A panel of the U.S. Court of Appeals for the 5th Circuit, in New Orleans, ruled 2-1 that the flagship UT campus’ “holistic review” program, which potentially takes an applicant’s race into account for roughly one-quarter of the places in the entering freshman class, passes strict scrutiny.

That was the standard the appeals court was asked to apply to the program by the Supreme Court last year in its 7-1 decision in the case. Writing for the majority, Justice Anthony M. Kennedy had said the appeals court could not accept the university’s own assertions that its admissions plan used race in a permissible way.

On remand, the 5th Circuit court panel rejected arguments on behalf of Abigail Fisher—a white student who challenged her admission denial as a violation of the 14th Amendment’s equal-protection clause—that the holistic review plan acts as a form of racial quota.

“Close scrutiny of the data in this record confirms that holistic review—what little remains after over 80 percent of the class is admitted on class rank alone—does not, as claimed, function as an open gate to boost minority headcount for a racial quota,” U.S. Circuit Judge Patrick E. Higginbotham wrote for the majority on July 15 in Fisher v. University of Texas at Austin.

Higginbotham said the state-enacted Top Ten Percent plan, which for the incoming freshman class this year actually admits only the top 7 percent, hobbles UT-Austin’s efforts to achieve the kind of racial diversity it seeks because those admitted under the plan take some 80 percent of the places in the freshman class.

“The sad truth is that the Top Ten Percent Plan gains diversity from a fundamental weakness in the Texas secondary education system,” Higginbotham said. “The de facto segregation of schools in Texas enables the Top Ten Percent Plan to increase minorities in the mix, while ignoring contributions to diversity beyond race.”

The university began taking race into account in its complex holistic review formula in 2005, after the Supreme Court had upheld a similar approach used by the University of Michigan Law School, in its 2003 decision in Grutter v. Bollinger.

Higginbotham noted that in 2005, the proportion of African-Americans in UT-Austin’s freshman class (admitted under either Top Ten Percent or holistic review) was 5.05 percent, a bump up from 4.82 percent the previous year, when race was not taken into account in the holistic review program.

The trend has continued since, climbing to 5.13 percent in 2006, 5.41 percent in 2007, and 5.67 percent in 2008, the last year in the record of the Fisher case.

Similarly, the proportion of Hispanic admitted students climbed from 16.21 percent in 2004, to 17.88 percent in 2005, 18.08 percent in 2006, 19.07 percent in 2007, and 20.41 percent in 2008, he pointed out. (The figures were 5 percent black students and 28 percent Hispanic students in the fall 2013 admitted class, according to UT-Austin.)

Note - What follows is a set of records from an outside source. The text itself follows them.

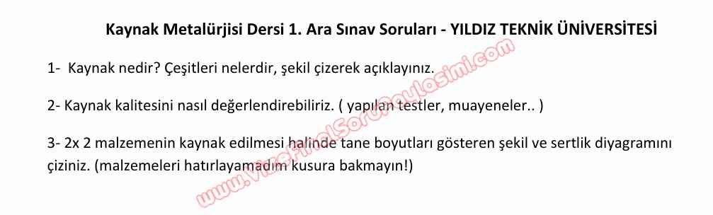 Vize ve Final Soruları / Yıldız Teknik Üniversitesi / Kaynak Metalürjisi Dersi
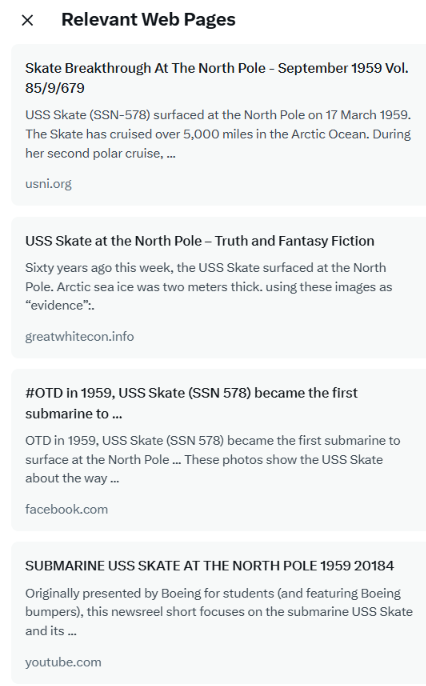 A blog article “USS Skate at the North Pole – Truth and Fantasy Fiction” that collects several of the historic photographs and discusses their context. greatwhitecon.info
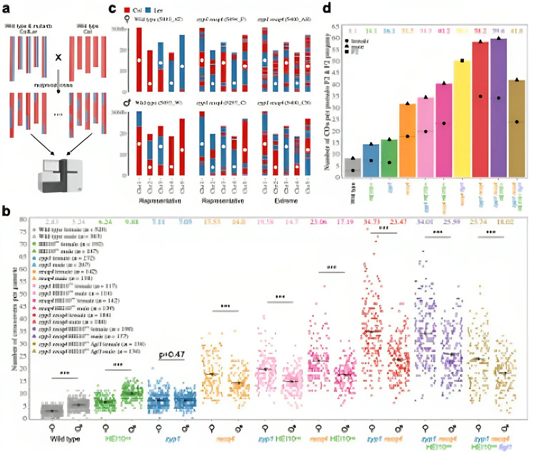 在真核生物中,减数分裂期间的交叉重组(crossover, CO)是同源染色体间遗传物质交换的核心机制,既保障染色体准确分离,又促进种群遗传多样性。然而,尽管减数分裂产生大量DNA双链断裂作为重组前体,最终形成的CO数量却受到严格限制,通常每条染色体仅1–3个,且多集中于染色体远端。此外,CO频率和分布常呈现显著的性别差异,其机制尚不明确。该限制使大片段基因组区域难以重组,阻碍了优良等位基因组合与连锁打破,是精准育种的主要瓶颈之一。
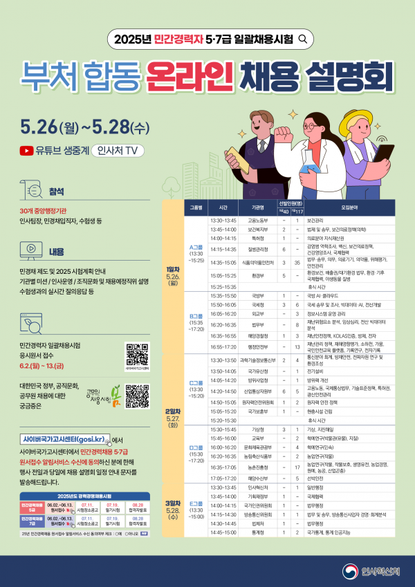 인사혁신처는 오는 26일부터 28일까지 사흘간 ‘2025년도 국가공무원 5급 및 7급 민간경력자 일괄채용시험 부처 합동 온라인 채용설명회’를 연다고 19일 밝혔다.
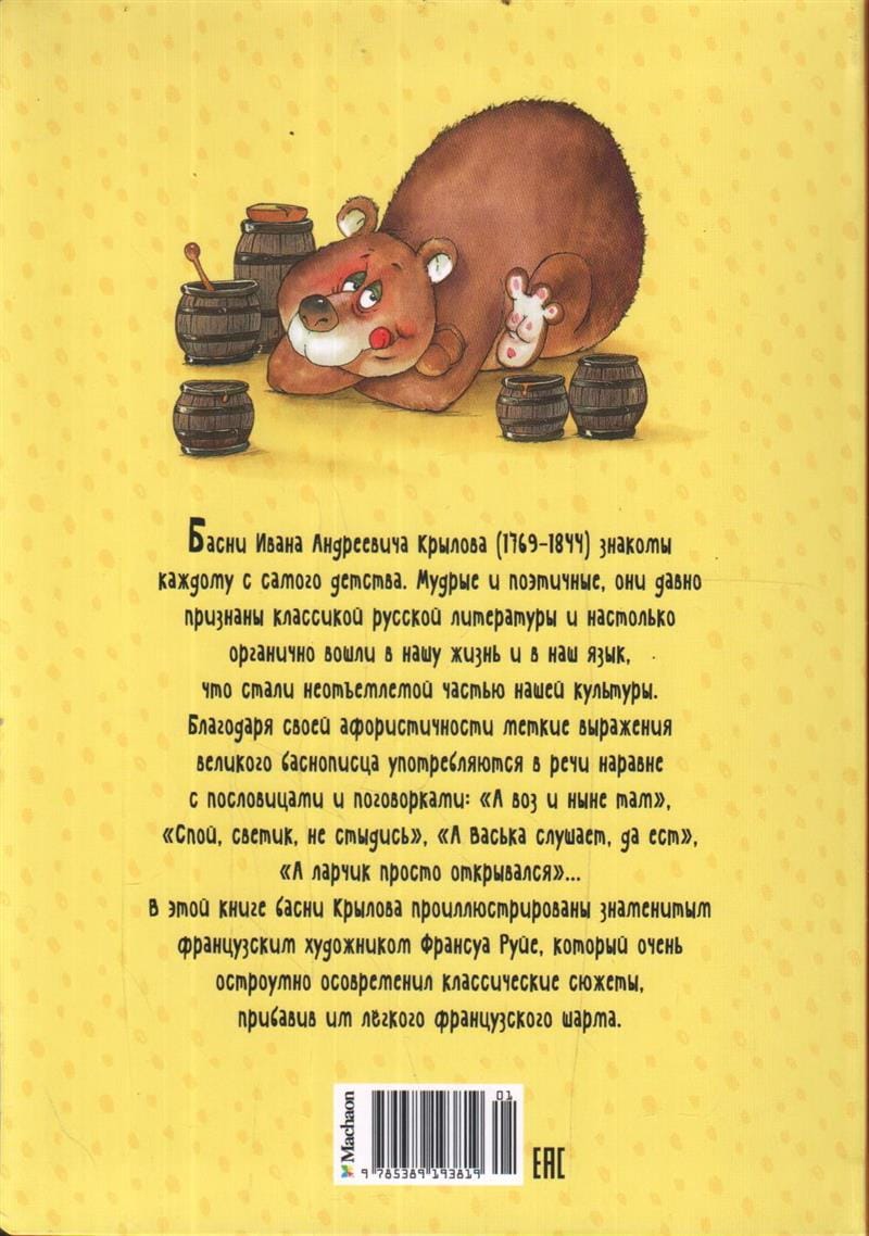Ivana Andrejeviča Krilova (1769-1844) pasakas ikvienam ir pazīstamas no bērnības. Gudras un poētiskas, tās jau sen ir atzītas par krievu literatūras klasiku un ir tik organiski ienākušas mūsu dzīvē un valodā, ka kļuvušas par neatņemamu mūsu kultūras sastāvdaļu. Pateicoties to aforistiski trāpīgajiem izteikumiem, dižā pasaku rakstnieka izteicieni tiek lietoti runā līdzvērtīgi sakāmvārdiem un sakāmvārdiem: "Un tā tas vēl ir", "Dziedi, gaismu, nekaunies", "Un Vaska klausās un ēd", "Un lāde vienkārši atvērta" ..... Šajā grāmatā Krilova pasakas ilustrējis slavenais franču mākslinieks Fransuā Ruilē, kurš ļoti asprātīgi modernizējis klasiskos stāstus, piešķirot tiem vieglu franču šarmu.
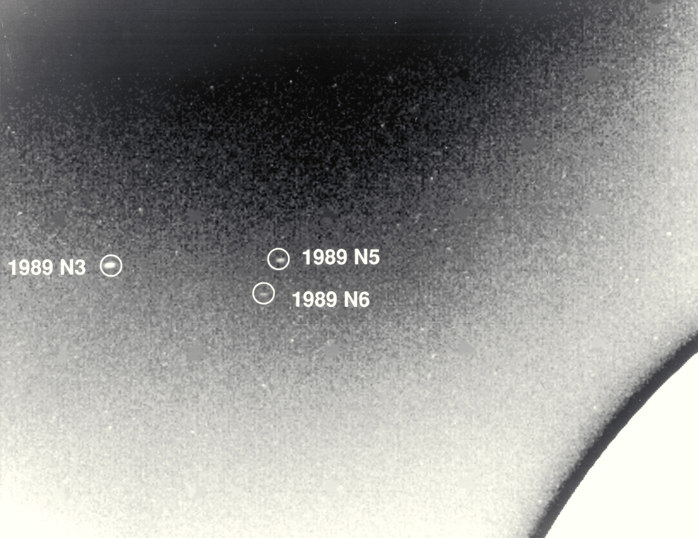 В 1989 по итогам анализа снимков «Вояджера-2» были открыты ещё шесть спутников Нептуна. Все они движутся по круговым орбитам в прямом направлении практически в плоскости экватора планеты. Самый удалённый от планеты спутник, получивший обозначение S/1989 N1, был замечен Стивеном Синнотом в июле 1989 года на снимках, сделанных в середине июня. 3 августа 1989 года было сообщено об открытии ещё трёх спутников: S/1989 N2, обнаруженного Г. Рейтсемой, У. Хаббардом, Л. Лебофски и О. Толеном, а также S/1989 N3 и S/1989 N4, описанных Синнотом. На фотографиях, сделанных в ходе последнего сближения «Вояджера» с Нептуном, Р. Террил заметил два внутренних спутника (S/1989 N5 и S/1989 N6). Названия для новых спутников были утверждены Генеральной ассамблеей МАС в июле 1991 года[2].

“The modest numbers only validate the targeted role of UT-Austin’s use of Grutter,” Higginbotham said. “The small increases do not exceed critical mass nor imply a quota but instead bring a distinct dimension of diversity to the Top Ten Percent Plan.”

“We are satisfied that UT Austin has demonstrated that race-conscious holistic review is necessary to make the Top Ten Percent Plan workable by patching the holes that a mechanical admissions program leaves in its ability to achieve the rich diversity that contributes to its academic mission,” he said.

Writing in dissent, Judge Emilio M. Garza said the university has failed to define its goal of reaching a “critical mass” of underrepresented minority group members.

“Because the university has not defined its diversity goal in any meaningful way—instead, reflexively reciting the term ‘critical mass'—it is altogether impossible to determine whether its use of racial classifications is narrowly tailored,” Garza said.

Bill Powers, the president of UT-Austin, issued a statement that he was pleased with the decision.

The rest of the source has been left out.